Intracranial glioma orthotropic xenograft model
Human brain malignant glioma cells from the GBM8401 cell line were transformed with the luciferase gene (GBM8401-luc). All procedures were performed according to the guidelines approved by the Animal Care and Use Committee of the National Yang-Ming University. Male 6- to 8-week-old NOD/SCID mice were anesthetized via intraperitoneal administration of pentobarbital at 40 mg/kg body weight. Their heads were shaved above the nape of the neck, scrubbed with Betadine/alcohol, and immobilized in a Cunningham Mouse/Neonatal Rat Adaptor stereotactic apparatus (Stoelting, Wood Dale, IL, USA). A 5-mm skin incision was made at the sagittal suture, then a burr hole was created, and 2 × 105 GBM8401-lu cells in 2 μl of culture medium were injected stereotactically implanted into a single defined left hemisphere location (0.14 mm anterior and 2.0 mm lateral to the bregma) of each mouse brain at a 3.5 mm depth. The skull burr hole was then sealed with bone wax and the wound was flushed with iodinated alcohol. Biophotonic imaging was used to confirm tumor engraftment.
In vivo drug treatment
Tumor size was quantified by analyzing biophotonic images obtained 7 days after tumor cell implantation. Cohorts of 5 mice per experiment with approximately equivalent tumor bioluminescence were divided into four groups: 1) control (saline,i.p.), 2) TMZ alone (50 mg/kg, i.p.), 3) Chloroquine (50 mg/kg, i.p.) + Rapamycin (5 mg/kg, i.p.), 4) TMZ + Chloroquine + Rapamycin (three-drug, i.p.). Each group was treated for six days, and TMZ was administrated from day 3 to 6.
In vivo imaging
After anesthesia with isoflurane (1.5 l/min oxygen in 4% isoflurane), each mouse was injected intraperitoneally with 4.29 mg of freshly prepared luciferin substrate suspended in phosphate-buffered saline (PBS) and imaged 10 min later using the Xenogen IVIS imaging system (Xenogen, Palo Alto, CA, USA), with a 1-min acquisition time in small-bin mode. Luciferase activity was quantified within a region of interest that encompassed the head of the mouse using Living Image Software (Xenogen, Palo Alto, CA, USA).

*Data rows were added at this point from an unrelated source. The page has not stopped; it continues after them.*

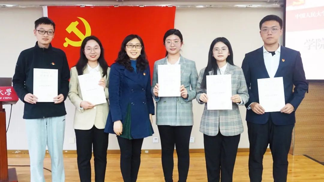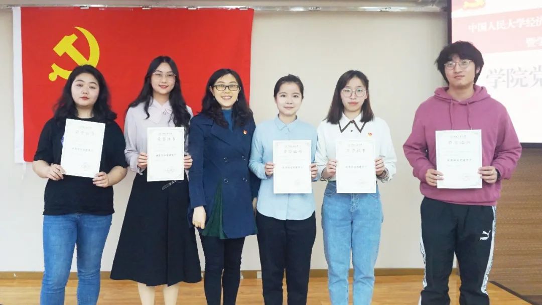李佩洁为获奖的优秀学生党建骨干颁奖并合影留念。
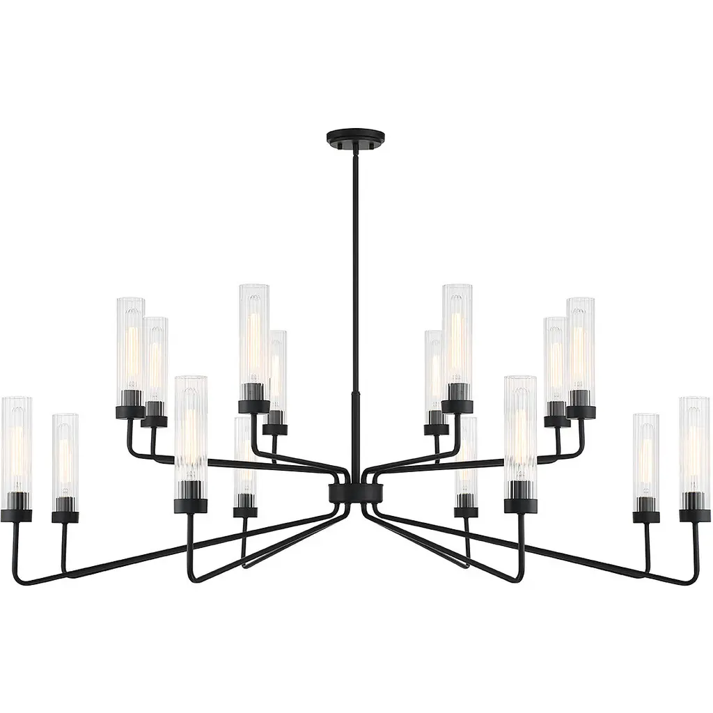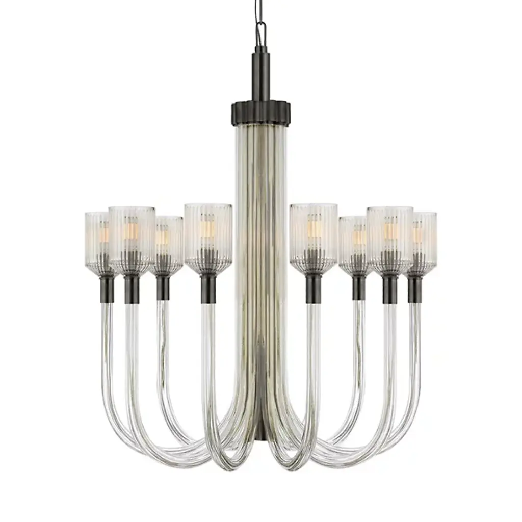Add some refined style to spruce up modern interiors. The Rousseau LED Oval Chandelier by Visual Comfort Signature, formerly known as Visual Comfort, is an extravagant piece of lighting that features cascading metal rods that curve upward in a linear fashion. The rods are capped with cylindrical glass shades through which integrated LEDs emanate a bright white light. A round, dome-shaped canopy completes the look. This ceiling fixture works best when installed in a large living room or dining hall.
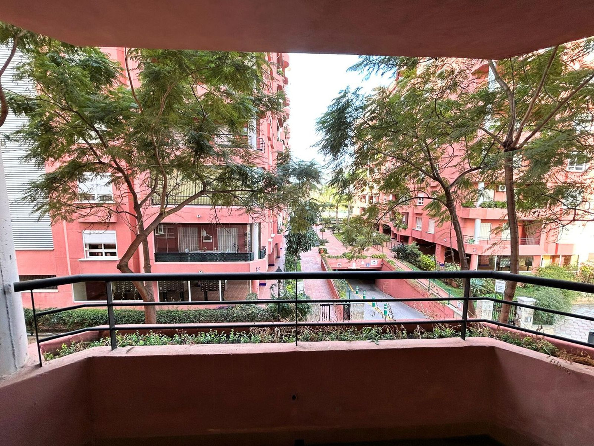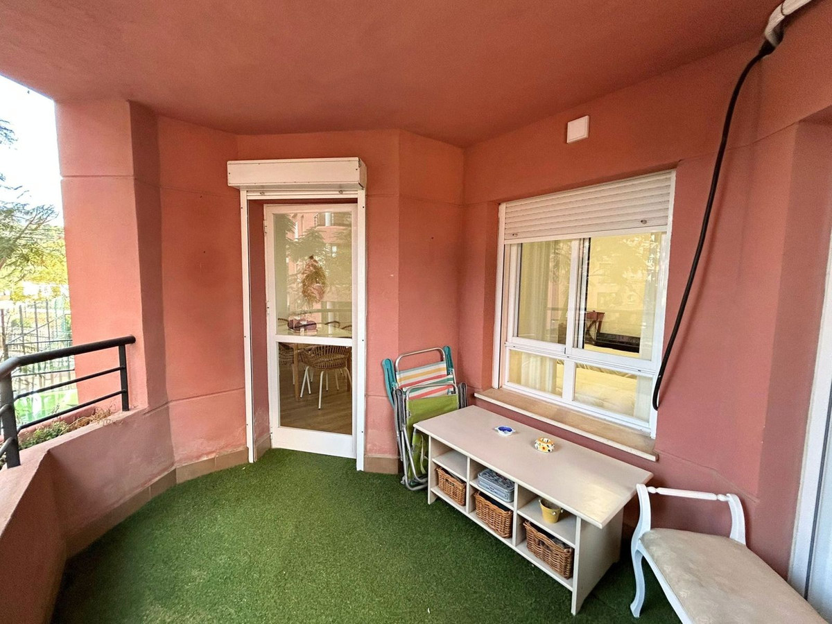 Vi presenterar denna obefläckade lägenhet till salu i den exklusiva Las Pérgolas-urbaniseringen. Vid ingången till fastigheten möts vi av ett ljust och rymligt vardagsrum-matrum med integrerat kök, vilket skapar en modern och inbjudande atmosfär. Från detta utrymme når du en liten balkong, perfekt för att njuta av en morgonkaffe.
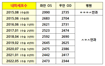 토릭알티플렉스 8년차 대학병원 안과 방문, 내피세포수 감소 기록
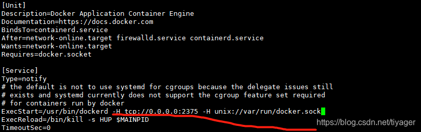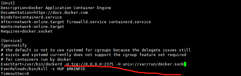 ExecStart=/usr/bin/dockerd -H tcp://0.0.0.0:2375 -H unix:///var/run/docker.sock
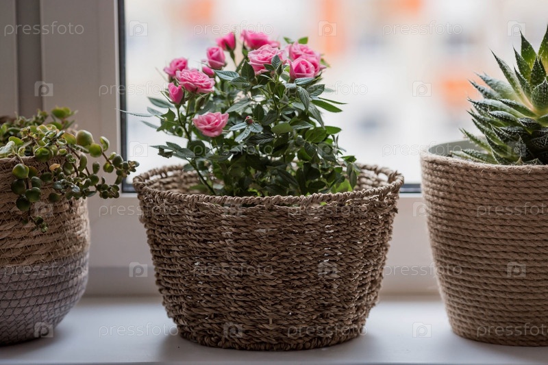 Уход за домашними растениями в домашних условиях. Домашние цветы. Розы на окне в стильных плетеных корзинах. Выращивание растений
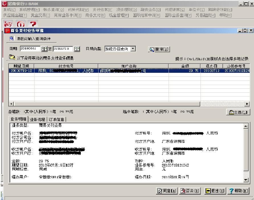 第七步:请指导客户用审批用户登录企业银行,在“商务支付—审批”界面对该笔订单进行审批同意即可。
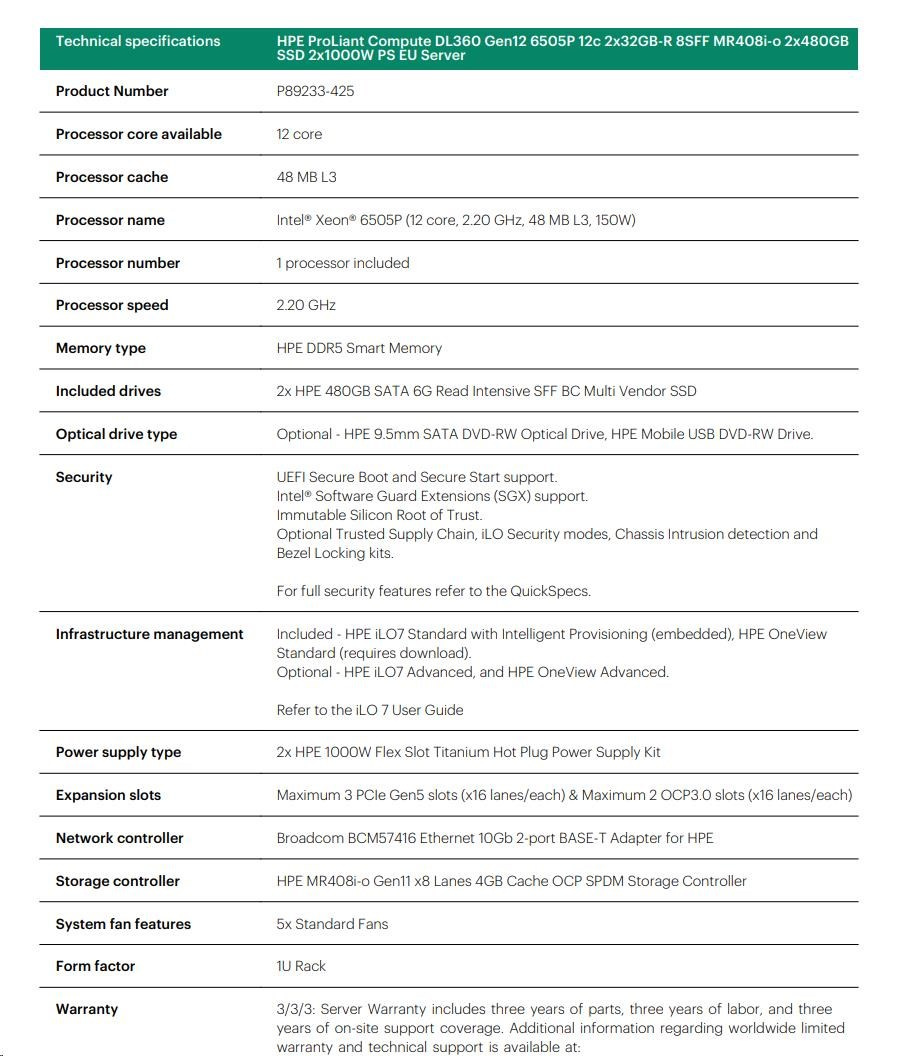 HPE PL DL360g12 6505P (2.2G/12C) 2x32G (P69727) 2x2.4TB MR408i-o 8SFF 2x1000W 2p10GbE NBD333 Smart Choice.
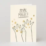 Kaardil on kujutatud kahte kätt, mis sirutuvad õhku ja saadavad kuldfooliumis sädelusi sõnumi poole “You’re Magic!”. Võluv kaart, mis sobib sünnipäevaks, õnnitlusteks, heade soovide või tänukaardina – sisekülg on tühi, et lisada oma sõnum.
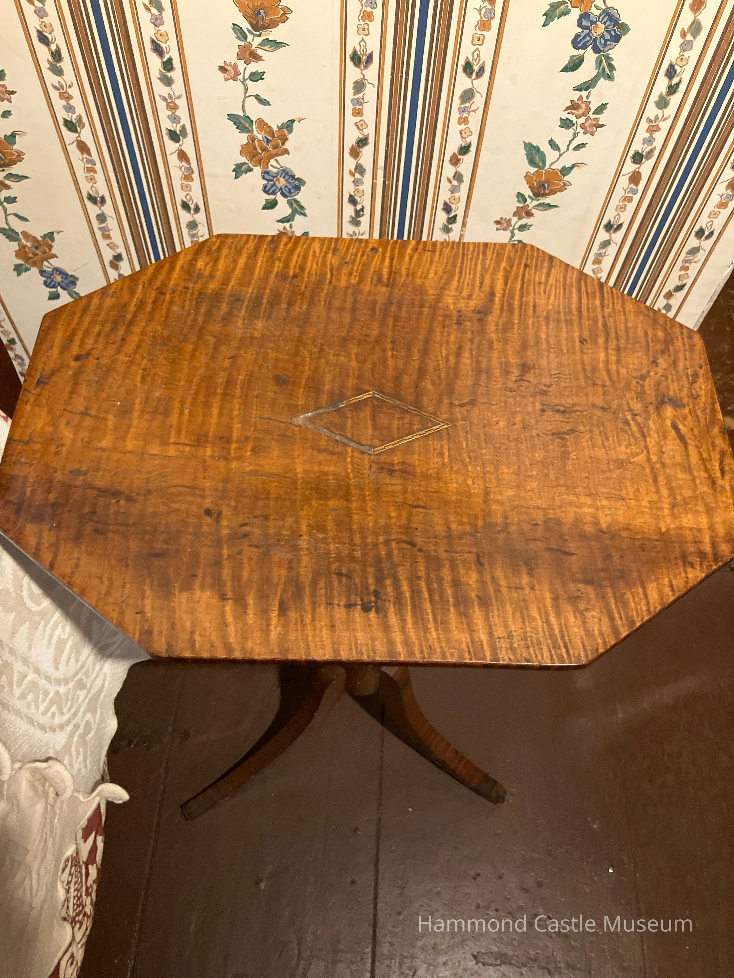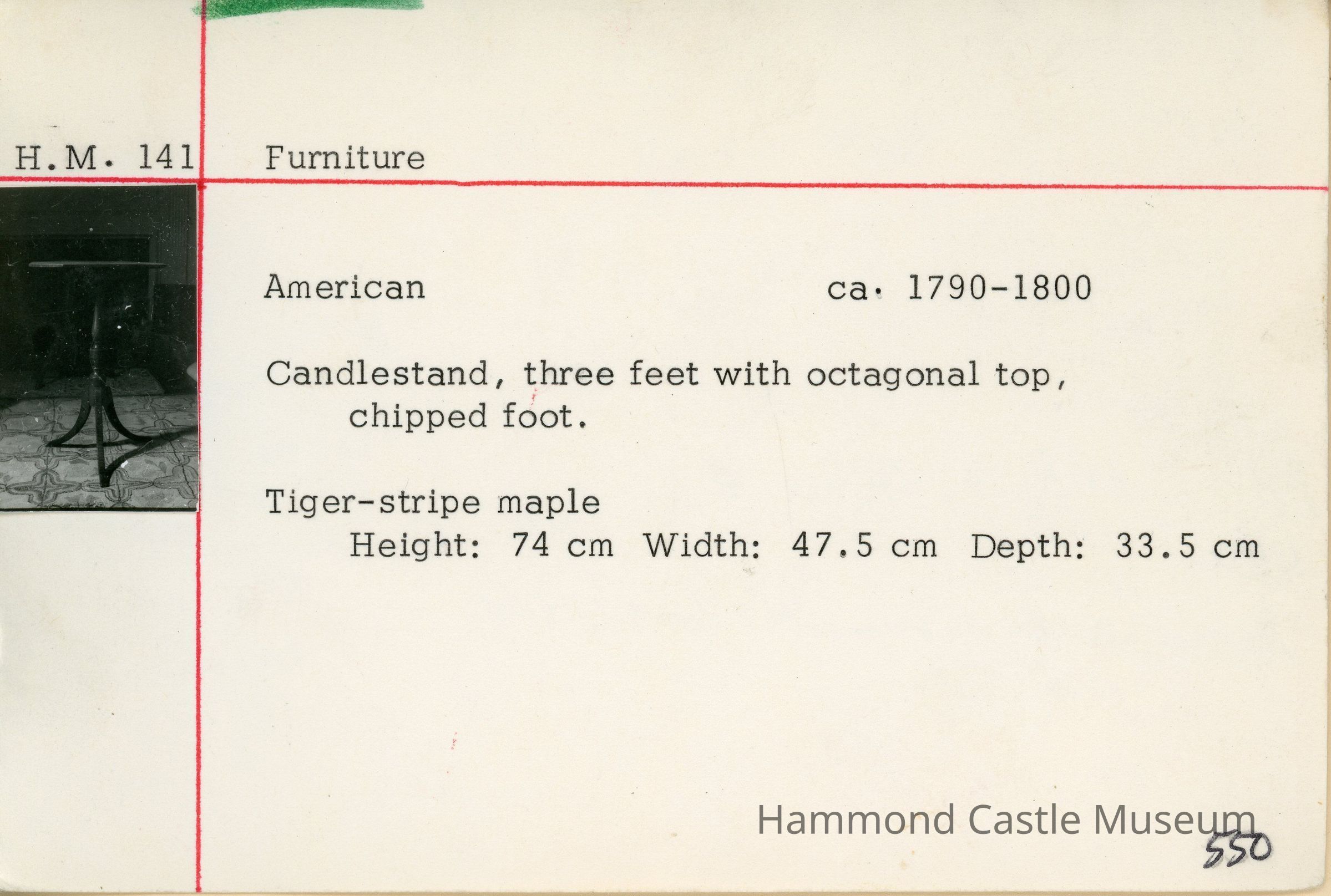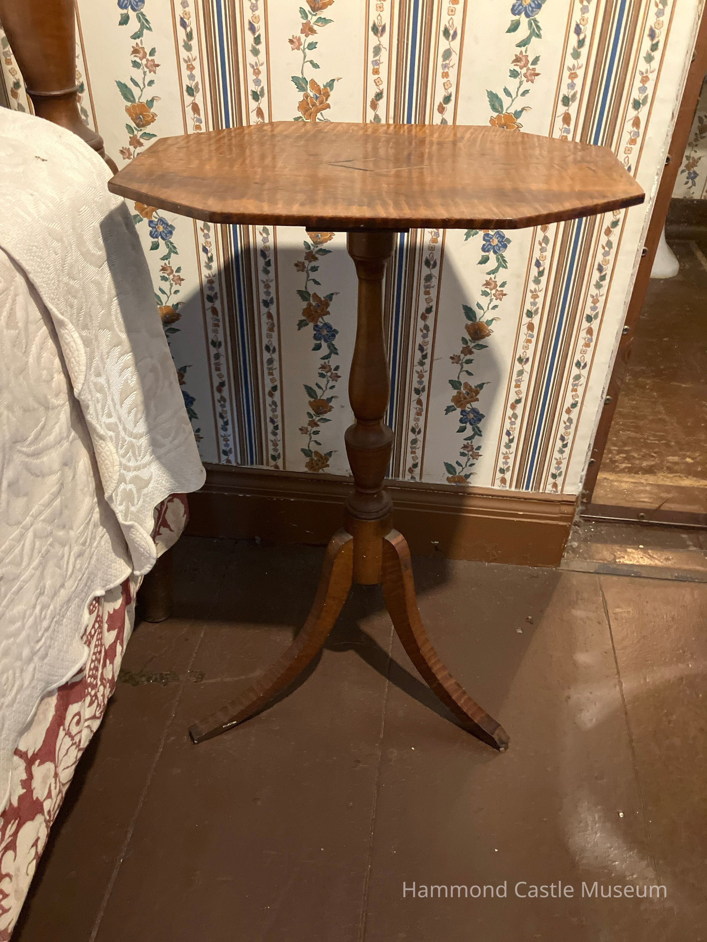 Candlestand, three feet with octagonal top, chipped foot. 1965 Probate Inventory - Lower Guestroom

All statistical analyses were performed using Prism 4 (GraphPad Software, Inc., La Jolla California USA, www.graphpad.com). The experimental and control groups were compared using an unpaired two-tailed Student’s t test. Statistical analysis was performed at the P < 0.05 (denoted as *).
CONFLICTS OF INTEREST
MM has served as a consultant to Varian, Agenus, Insys, and Remedy and serves on the data safety monitoring committee for Monteris. JSK is a consultant to Kiyatec, Inc. KHC has stock ownership and leadership position in JohnPro Biotech Inc.